Finding couscous in the grocery could be challenging, especially if you’re unfamiliar with that store.
But don’t worry, as every grocer will likely keep couscous in the grain aisle.
There you will find anything quick-cooking rice, pre-seasoned rice mixtures, and unusual grains.
Next is to wander around the foreign aisle’s Middle Eastern and kosher food sections.
The healthy food section is another place worth trying.
But if all else fails, the bulk aisle might be your final resort if you need help finding it there.
How Is Bulgur Made?
Whole wheat groats are partially boiled until they crack, dried in the sun, and ground into various sizes to make bulgur.
Commercially produced bulgur is parboiled, oven-dried, mechanically processed, and divided into several grades.
How Is Couscous Made?
To produce couscous, coarsely ground durum wheat (semolina) is commonly soaked and combined with fine wheat flour until tiny, rounded granules of pasta dough are formed.

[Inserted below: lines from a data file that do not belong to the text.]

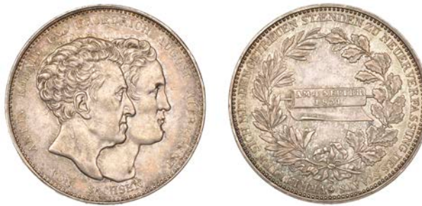
1097 SAXONY, Anton , Thaler, 1831 s (Dav. 869; KM. 1133). Lightly cleaned, otherwise about extremely fine £100-£120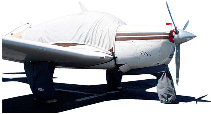
Beech Bonanza/Debonair/Baron Landing Gear Covers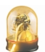
91. Affiliated Managers Financial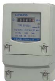
DDS523-(G) Transparent cover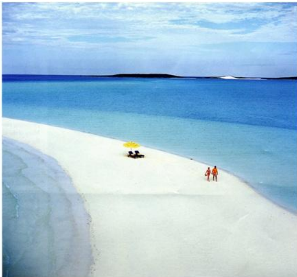
RIGHT: rush hour on the sand bar at Masha Cay, Bahamas. BELOW: the villa on the Greek island of Pegasus has been sensitively restored in the local style but with subtle updating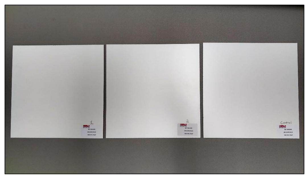
Figure 4 Sample fronts after testing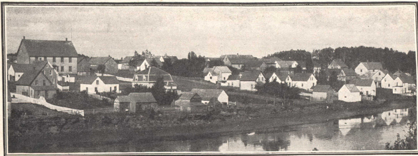
A Typical Prince Edward Village—Montague.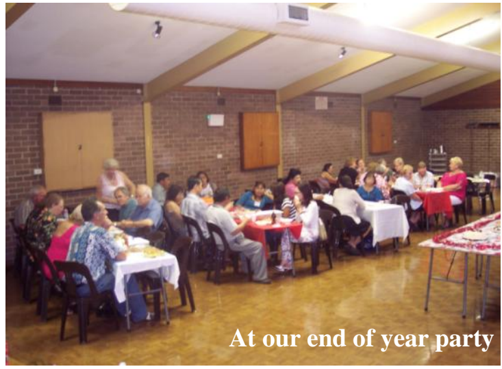
At our end of year party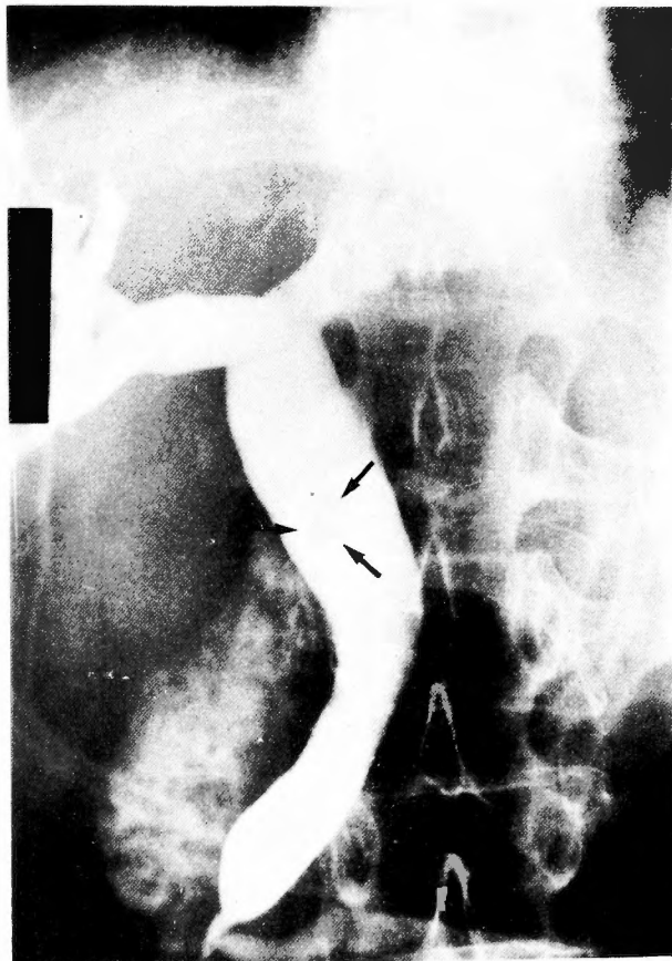
Fig. 2. Endoscopic retrograde cholangiopancreatography demonstrates a faint filling defect, presumably at the entry site of the cystic duct (arrow). The cystic duct and gallbladder are not opacified. Dilatation of the common bile duct and main pancreatic duct is also noted.

Physical examination revealed a smooth, nontender mass of 7×5 cm in the right upper quadrant of the abdomen. Hematological and biochemical findings were within normal limits, except for a slight elevation of total bilirubin 1.44 mg/dl (normal range 0.10–1.00). An upper gastrointestinal X-ray series showed no abnormalities. Drip infusion cholangiography (DIC) disclosed nonvisualization of the gallbladder. Computed tomography (CT) and ultrasonography showed an enlarged gallbladder, with no evidence of a gallstone (Fig. 1). However, endoscopic

These little pasta balls are then allowed to dry for several hours before being quickly steamed to prepare them.
The majority of couscous sold in grocery stores is described as “instant” or “quick cooking,” It has been partly steamed to reduce cooking time by half.
Couscous is typically combined with water and olive oil in Morocco, Algeria, and Tunisia before being cooked over a simmering stew for taste.
Can I Replace Bulgur With Couscous?
Due to their shared similarities in appearance and slightly in flavor, whole wheat couscous may be an alternative whenever you’re in a pinch.
You can add it to roasted vegetables or salads.
And don’t forget its milder flavor, which makes it ideal not to subdue the other ingredients. Moreover, it has more protein and fiber.
My final thought about couscous vs bulgur is that there’s not much difference.
The majority of differences are due to individual subjective tastes and cooking times.
Although bulgur tends to be sweeter with a touch more depth of flavor and fiber, couscous has a more prosperous, baked flavor.
However, bulgur is superior when choosing a pasta substitute because it has more fiber, magnesium, iron, and zinc.
And because it has already been partially cooked, you can prepare it quickly. This is a plus if you’re rather pressed for time over dinner.